As I mentioned, the intent of this post is to promote discussion about the claims that Annie has made, and to spread awareness of the fact that Sam has not yet responded to Annie’s (very serious claims.) This post does not claim that Annie’s claims are provably or indisputably valid. In fact, I think the opposite is true: her claims are not yet corroborated by direct evidence, and they certainly are disputable. I currently hold Sam Altman to be innocent, until proven guilty.
In spite of this, I still thought that this post was worth making, as a means of bringing attention to Annie’s claims, which I think have a nonzero probability of being true in whole or in part.

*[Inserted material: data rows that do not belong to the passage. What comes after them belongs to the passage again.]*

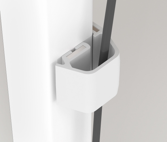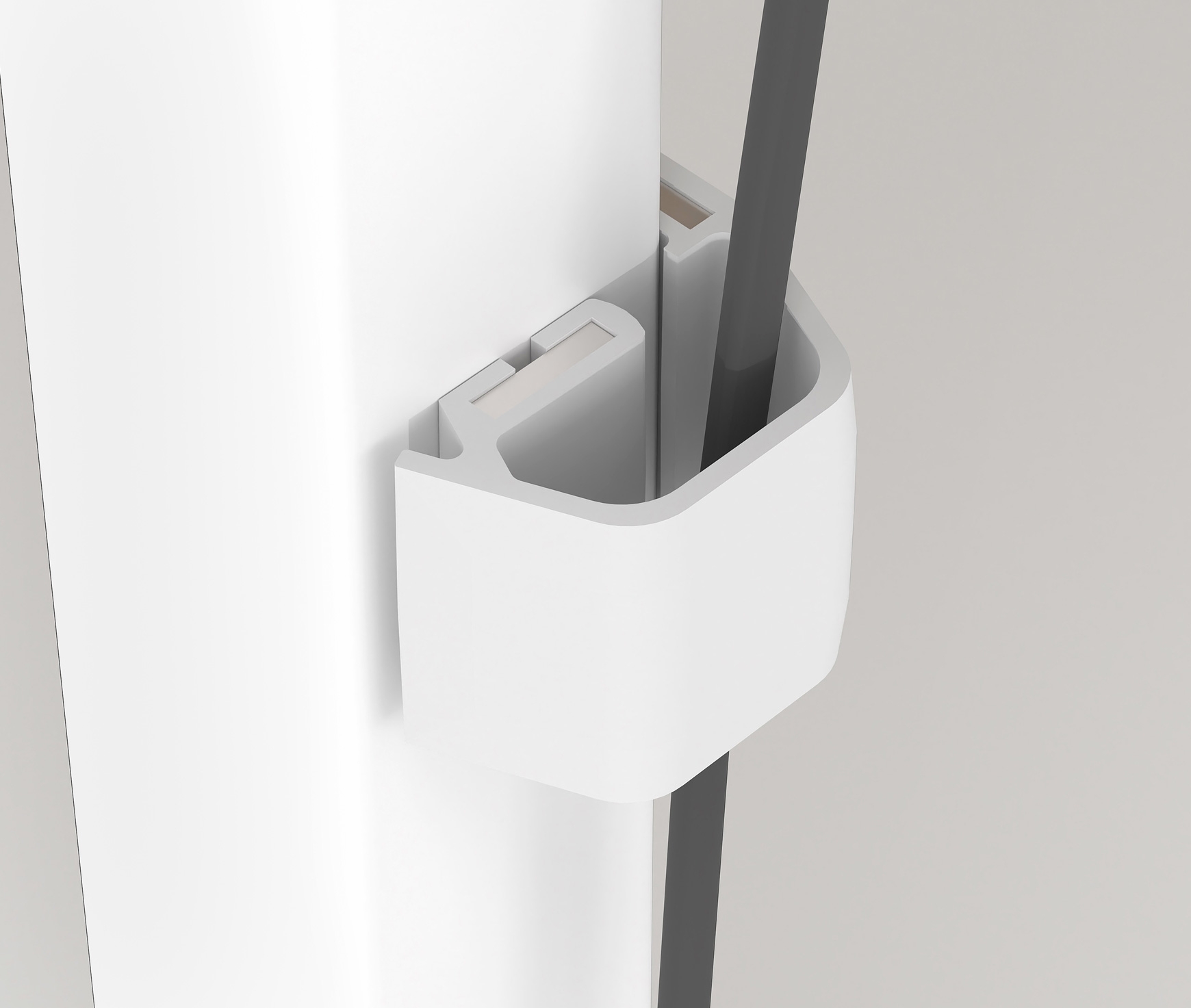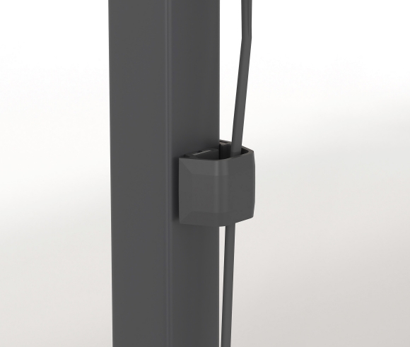 The magnetic cable grommet allows for efficient routing and bundling of cables. It has magnets for quick and easy application to the metal frame of the desk.
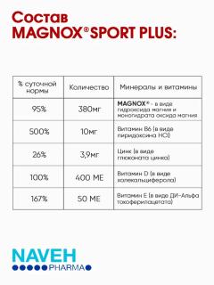 Специально разработанный спортивный витаминно минеральный комплекс Magnox Sport (Магнокс Спорт) от израильской фармацевтической компании Naveh Pharma для повышения выносливости и улучшения работоспособности организма.
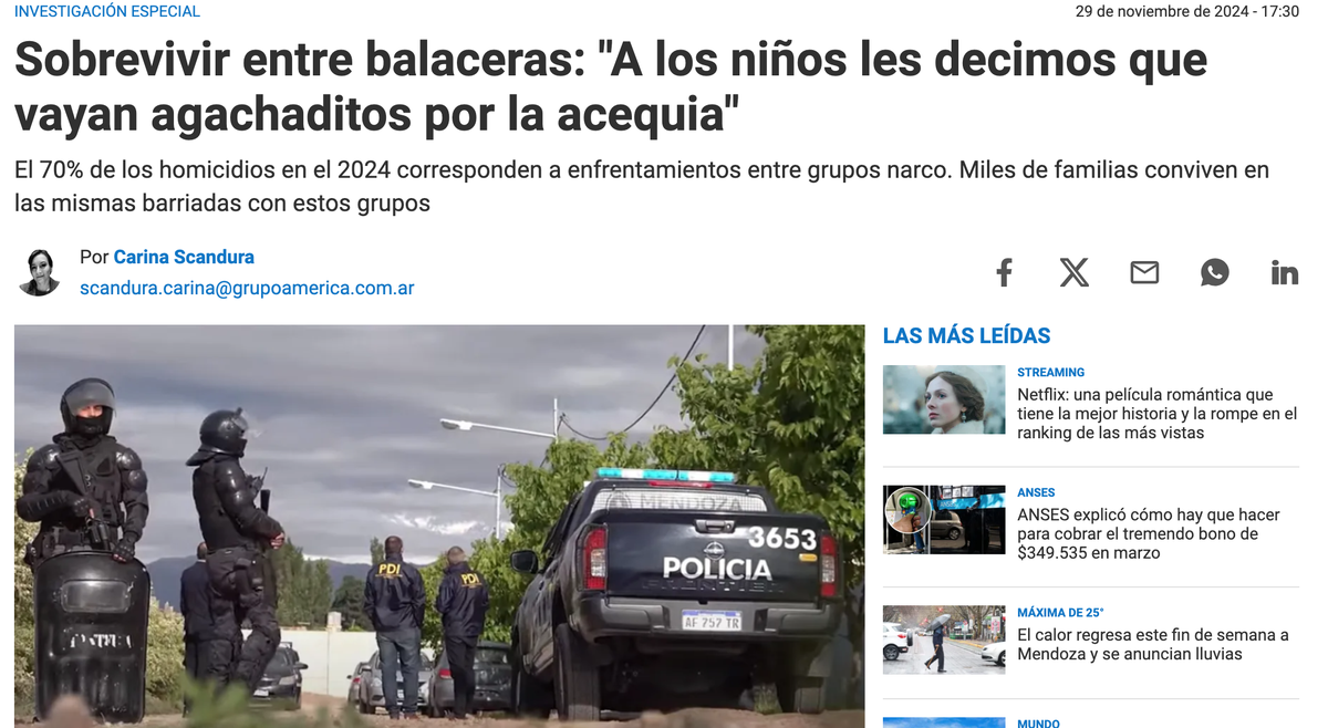 El 27 de noviembre de 2024, el equipo de investigación de Grupo América Interior, presentó el trabajo Sobrevivir entre balaceras. En este informe del segmento Fuente Reservada, que demandó más de un mes de búsqueda de datos, indagación y entrevistas a distintos referentes, jueces, fiscales y hasta ministros nacionales, pudimos presentar por El Siete, radio Nihuil, Diario UNO, y en en el canal de YouTube de El Siete TV, el material terminado con testimonios, casos y cifras de ajustes de cuentas.

This seems like a thing that, even if true, would not lead to any direct evidence? Like presumably the only evidence of the sexual abuse that persists this long is gonna be her memories, Sam Altman’s memories, and maybe other family members memories.
(Or I suppose maybe they could run a PPG test on Sam Altman to better measure his sexuality? But AFAIK such tests are somewhat noisy and basically never performed.)
Yes, I think you raise valid points. Given that Annie’s (purported) sexual abuse occurred so long ago, I agree that it is unlikely that, at this point, direct evidence of Sam’s (purported) sexual abuse of her would be able to gathered.
Deviating a bit from your reply to the more general question of “What direct evidence could be provided (e.g. by Annie) to corroborate the claims Annie is making?”—I do think that a potentially useful piece of evidence that could be provided to corroborate (some of) Annie’s claims would be proof that:
Annie’s father left her money in his will.
Annie did not receive this money, as specified in the will.
I suspect that only the people involved will ever know the truth about the sexual abuse accusation. The claim about money, although in my opinion less serious, seems much easier to investigate. (And then, we can make a probabilistic update about the other claim.)
Other accusations in the article, such as Sam not willing to link a podcast, don’t seem important to me.
Those claims would be nice to know the answer to, though I don’t know that proving those claims would prove the sexual abuse allegations, nor that disproving those claims would disprove the sexual abuse allegations. Obviously one could argue that these claims are evidence about the relative trustworthiness of Annie vs Sam, but I am not sure trustworthiness across different claims is sufficiently well-correlated in these sorts of situations that it’s a valid inference to make.